Given the brightness of Quays developing singular animation languages for 45 years, it is only more extraordinary to enter this area at the age of 32. “While making early films at 8mm, we worked with actors before making a puppet.”
The turning point came when Keith Griffiths claimed that they made an experimental film. “’We don’t make experimental movies.’ Well, just write something. ‘
“When making most of our drawings, we always felt that we wanted to give depth, sound and music, these elements. We thought that we could try and try something like a laboratory.
“The puppets are only that high. They will not shake anyone’s boat, they will not cost a lot of money. Nobody trusts us with a crew, rookie. So we said ‘Let’s work with puppets’.”
Considering the smallness of the craft approach of the docks, it was not an easy way to follow, but the stable anti-per-flow tenor of the worlds (not to call nightmares) is not an obvious magnet for investment. The completion of the sanatorium took 19 years, most of the time in other projects (shorts, stage and opera design, advertising work).
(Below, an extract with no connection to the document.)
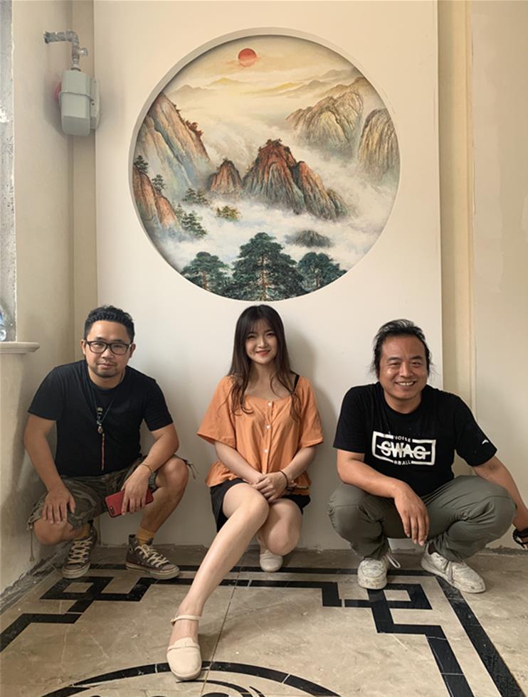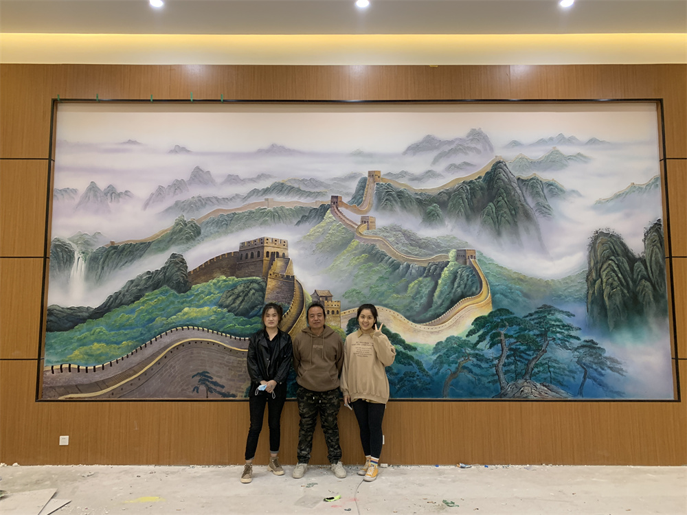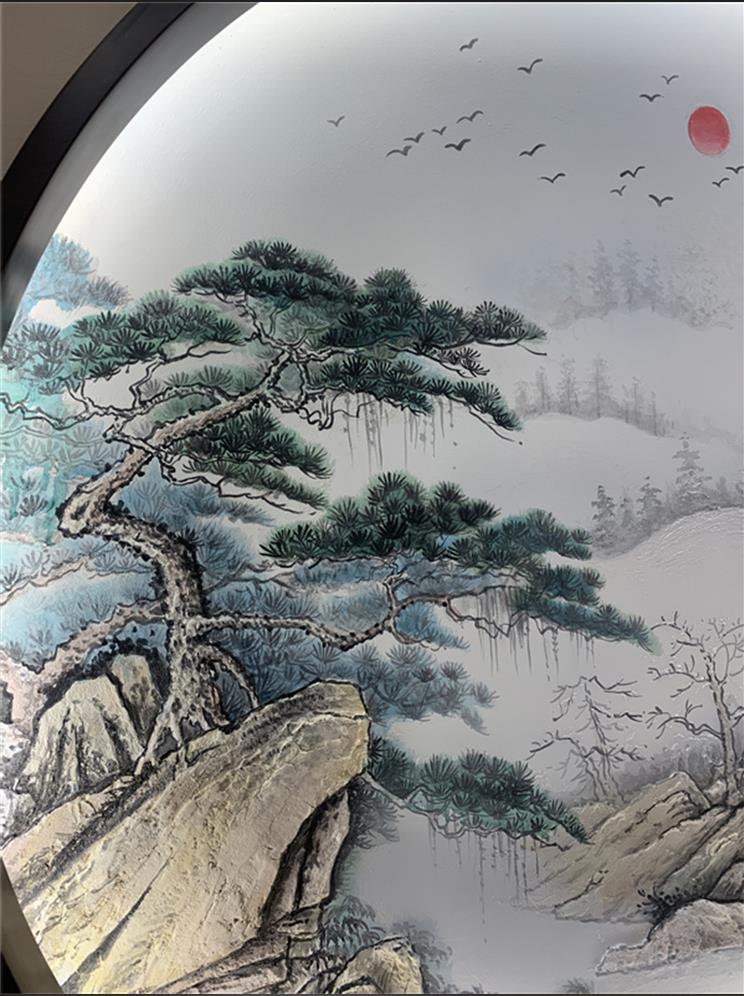 火星人创业园山水浮雕壁画彩绘

“There was never money before, so we started in 2005. We made a pilot, we made some live action scenes-and then you connect to doing something else. Sometimes there was a four-year gap; we never gave up and we continued to do this when we had a clean running chance.”
Now, while firing in 4K, the docks protect an analog imagination, a stubborn ruins of the antique spirit in the face of hyper-modernity. Quays worlds and beings living in them are made of other objects and pieces: scissors, feathers, baby heads, detection of flea markets. Then there is a repeating landscape in the Sanatorium: “A little Holy The trains and mountains we found on Ebay are all coats. We got 20 kilos of mushrooms – you can only carved and put them and become a landscape. “
Traditional methods and values are folded – matte, importance, manipulation. “All quiet cinema, Quings, Quays says.
Dormitorium: Quay brothers’ movie decors The exhibition is at Swedenborg House, London until April 4 Kinoteka Poland Film Festival.
Sanatorium under the clock sign, BFI Film Production Fund, screens BFI IMAX with Question -Evap With the managers on March 26.